Now, Judge William Fletcher, writing for himself and two colleagues on the U.S. Court of Appeals for the Ninth Circuit, has reversed and stayed Judge White‘s decision, thus permitting the San Francisco ordinance to go into effect. Although Judge Fletcher’s opinion is technically not a ruling on the merits, that opinion leaves no doubt of the court’s conclusion that ERISA permits the San Francisco ordinance and, by extension, similar state and local laws which mandate minimum employer expenditures on their employees’ health care. The Ninth Circuit opinion thereby puts that court in direct conflict with the U.S. Court of Appeals for the Fourth Circuit which held Maryland’s “Wal-Mart” Act, a similar employer mandate, preempted by ERISA.

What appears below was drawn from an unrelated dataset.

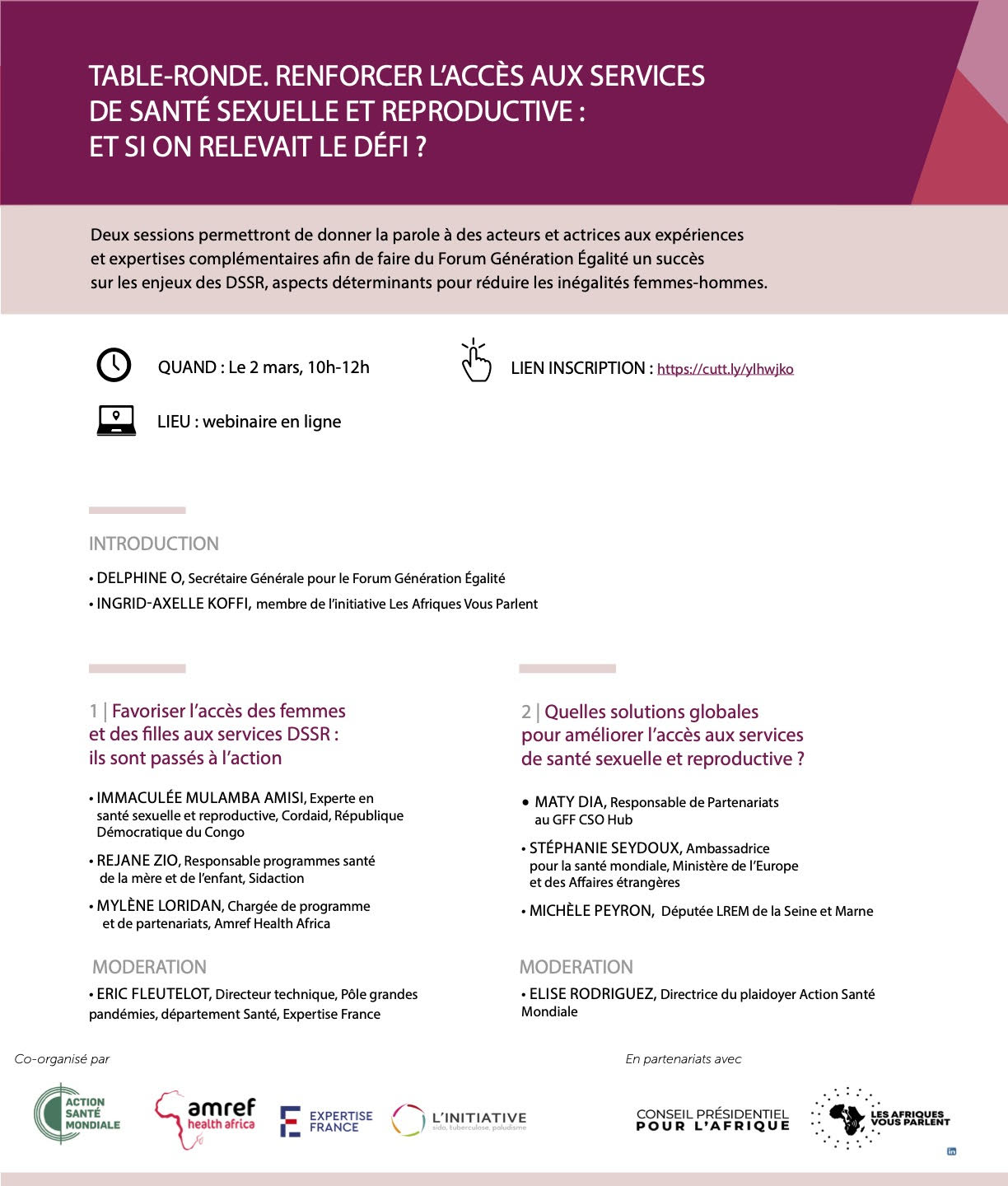 - Organisation d’une table ronde : « Renforcer l’accès aux services de santé sexuelle et reproductive, et si on relevait le défi ? », replay de la table ronde à retrouver sur le site d’Action Santé Mondiale ici.

For the long run, the Fourth Circuit, as a matter of law, has the better argument as its opinion more convincingly reflects the relevant case law of the U.S. Supreme Court. Particularly unpersuasive is the Ninth Circuit’s contention that the San Francisco ordinance (and, by extension, any similar employer mandate) “does not require any employer to adopt an ERISA plan or other health plan…Any employer covered by the Ordinance may fully discharge its expenditure obligations by making the required level of employee health care expenditures, whether those expenditures are made in whole or part to an ERISA plan, or in whole or in part to the City.”

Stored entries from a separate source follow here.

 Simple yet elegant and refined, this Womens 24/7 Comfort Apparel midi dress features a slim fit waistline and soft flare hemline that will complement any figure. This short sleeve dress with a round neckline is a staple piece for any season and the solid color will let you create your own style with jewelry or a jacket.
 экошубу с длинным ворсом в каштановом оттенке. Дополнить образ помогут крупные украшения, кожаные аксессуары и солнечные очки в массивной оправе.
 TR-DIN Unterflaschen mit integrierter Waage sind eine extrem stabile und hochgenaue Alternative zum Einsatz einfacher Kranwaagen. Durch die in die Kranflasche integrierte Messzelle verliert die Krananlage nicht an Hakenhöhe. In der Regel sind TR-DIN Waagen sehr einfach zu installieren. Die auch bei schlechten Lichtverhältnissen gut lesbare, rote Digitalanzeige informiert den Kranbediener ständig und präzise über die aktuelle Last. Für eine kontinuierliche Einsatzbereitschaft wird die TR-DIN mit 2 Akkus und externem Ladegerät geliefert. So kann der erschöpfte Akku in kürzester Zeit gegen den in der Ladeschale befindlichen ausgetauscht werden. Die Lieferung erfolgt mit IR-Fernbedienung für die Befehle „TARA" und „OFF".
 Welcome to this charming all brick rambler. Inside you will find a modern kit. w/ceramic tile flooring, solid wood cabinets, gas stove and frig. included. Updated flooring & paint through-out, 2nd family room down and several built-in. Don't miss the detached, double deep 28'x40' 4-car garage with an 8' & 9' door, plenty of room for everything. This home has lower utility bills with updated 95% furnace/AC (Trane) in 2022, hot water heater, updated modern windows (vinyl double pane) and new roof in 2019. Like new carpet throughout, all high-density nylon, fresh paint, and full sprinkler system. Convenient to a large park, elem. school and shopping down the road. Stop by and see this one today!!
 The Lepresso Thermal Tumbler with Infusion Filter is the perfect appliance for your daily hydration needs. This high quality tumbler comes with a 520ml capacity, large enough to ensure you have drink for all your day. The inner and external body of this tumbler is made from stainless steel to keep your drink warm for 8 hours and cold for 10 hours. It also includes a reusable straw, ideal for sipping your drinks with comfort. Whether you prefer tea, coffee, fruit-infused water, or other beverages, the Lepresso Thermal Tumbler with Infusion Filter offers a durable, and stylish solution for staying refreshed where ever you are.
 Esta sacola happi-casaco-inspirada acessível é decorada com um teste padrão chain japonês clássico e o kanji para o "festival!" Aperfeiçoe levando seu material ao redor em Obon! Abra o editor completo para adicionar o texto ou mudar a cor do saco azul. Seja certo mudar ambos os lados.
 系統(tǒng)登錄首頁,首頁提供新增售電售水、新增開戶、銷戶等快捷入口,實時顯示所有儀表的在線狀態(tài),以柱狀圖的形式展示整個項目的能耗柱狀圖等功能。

As the Fourth Circuit observed, no rational employer would view the penalty payment to the government as a realistic alternative to the equivalent payment for its own employees. An employer which consistently pays “employee health care expenditures” has an ERISA plan, i.e., a “plan, fund, or program” to provide medical care for employees.
Of more immediate concern are the political consequences of the Ninth Circuit’s opinion. ERISA preemption is a creature of federal statute. ERISA preemption can and should be changed by Congress. Nevertheless, there has been, so far, no concerted effort to press Congress to revise or repeal ERISA Section 514(a) to permit states and localities to experiment as to employer-provided health care.

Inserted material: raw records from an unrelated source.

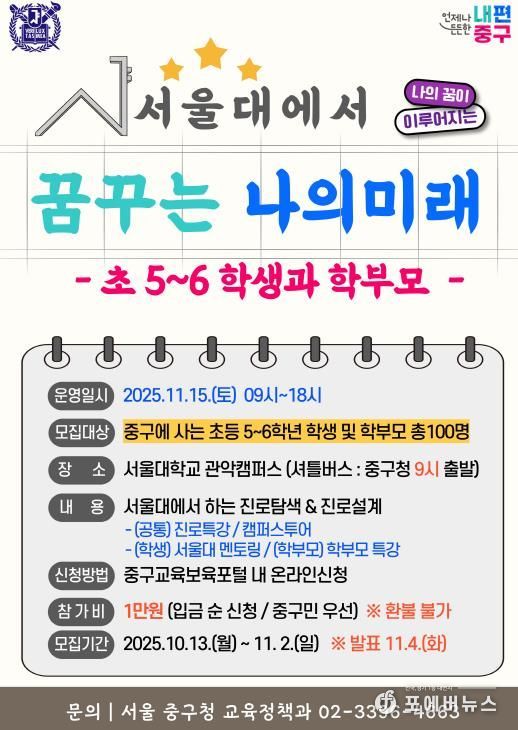 [ 포에버뉴스 김경순 기자 ] 서울 중구가 오는 11월 15일과 22일, 서울대학교 관악캠퍼스에서 관내 초·중학생 및 학부모를 대상으로 하는 '2025 서울대연계 진로심화 프로그램 '꿈꾸는 나의 미래''를 운영한다.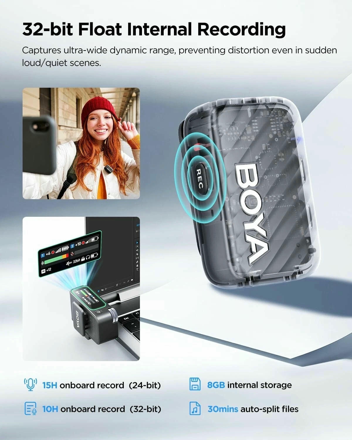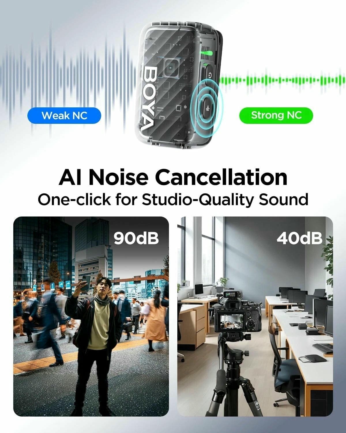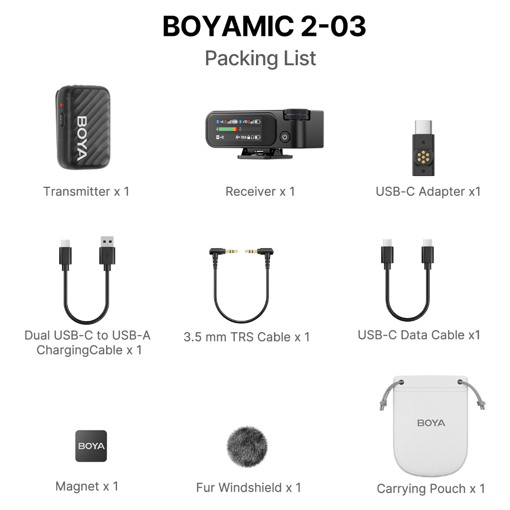Microfono không dây Lavalier BOYAMIC 2 là thiết bị cao cấp dành cho iPhone, Android và PC, cung cấp âm thanh chất lượng chuyên nghiệp với công nghệ chống ồn AI tiên tiến, thời lượng pin lâu và khả năng ghi âm đa thiết bị.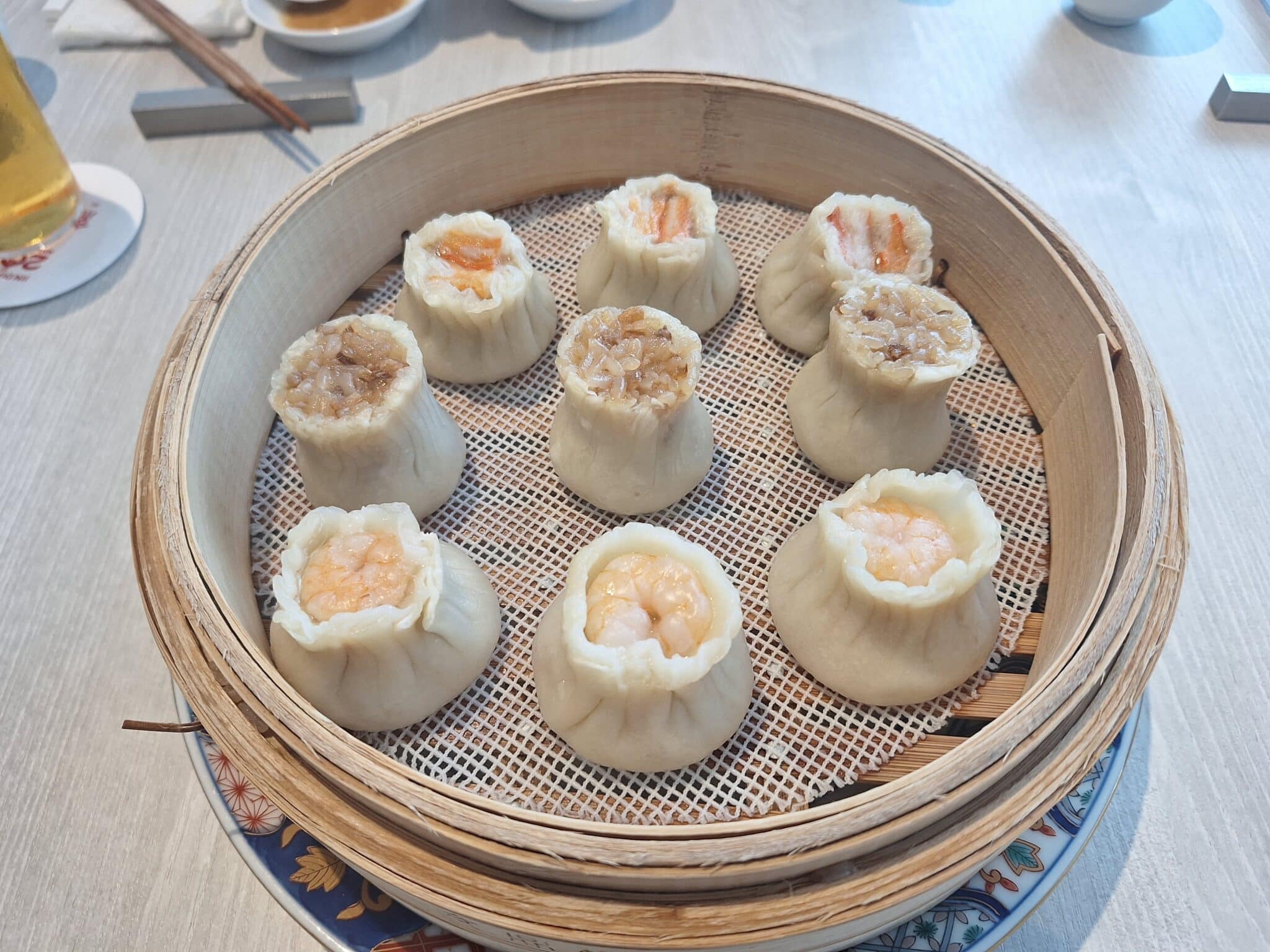 焼売3種盛り 「海老焼売」・「もち米焼売」・「蟹味噌焼売」こちらも針生姜と黒酢で旨い!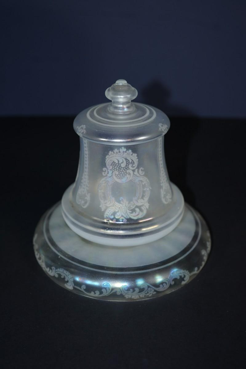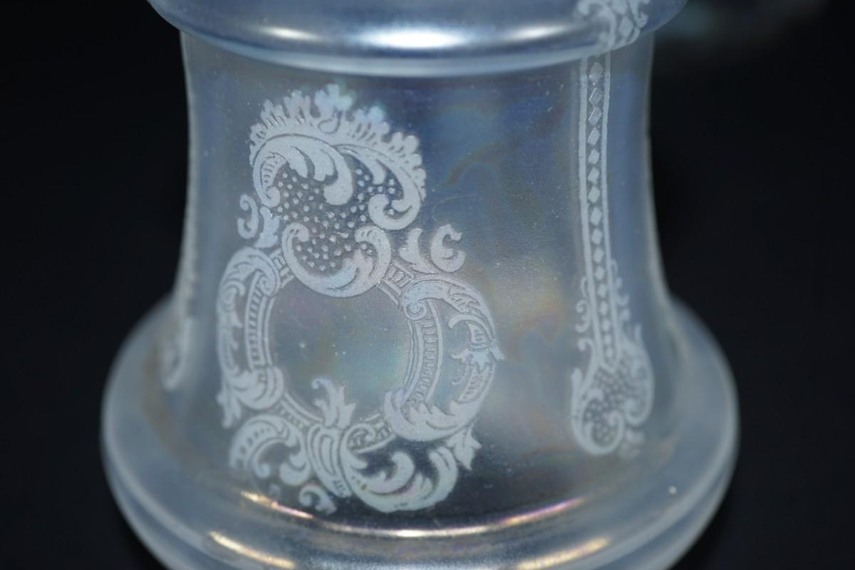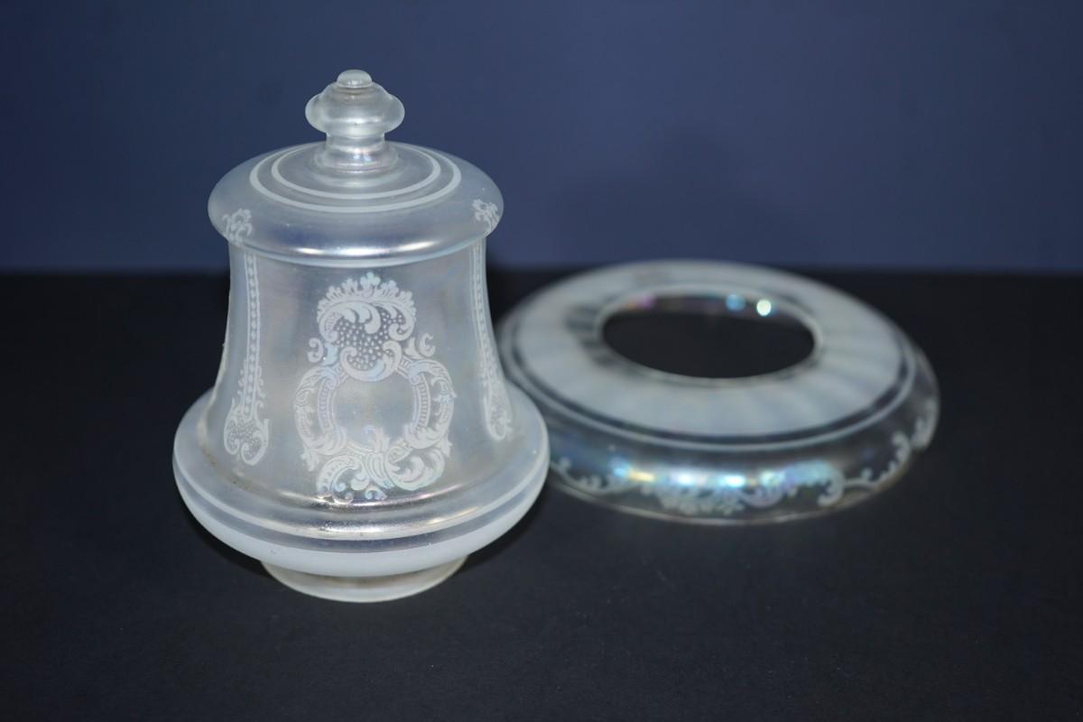 ANTIQUE GLASS LUSTER ETCHED CEILING LIGHT SHADE PEARLESCENT -MISSING METAL MOUNTS

Had the Ninth Circuit aligned itself with the Fourth Circuit and affirmed Judge White, Congress would have been under increasing political pressure to consider such amendment or repeal. Now, instead, we confront more protracted litigation – not a great way to make health policy.
The ERISA preemption debate should instead shift from the courthouses to the Capitol. Unfortunately, many (perhaps most) advocates of state health care laws will view the Ninth Circuit’s decision as obviating the need for that shift. It is, however, time for Congress to act by repealing or amending ERISA Section 514(a) to free states and localities from ERISA preemption. Until Congress acts in this fashion, states and localities are threatened with bystander status in our ongoing national debate on health care.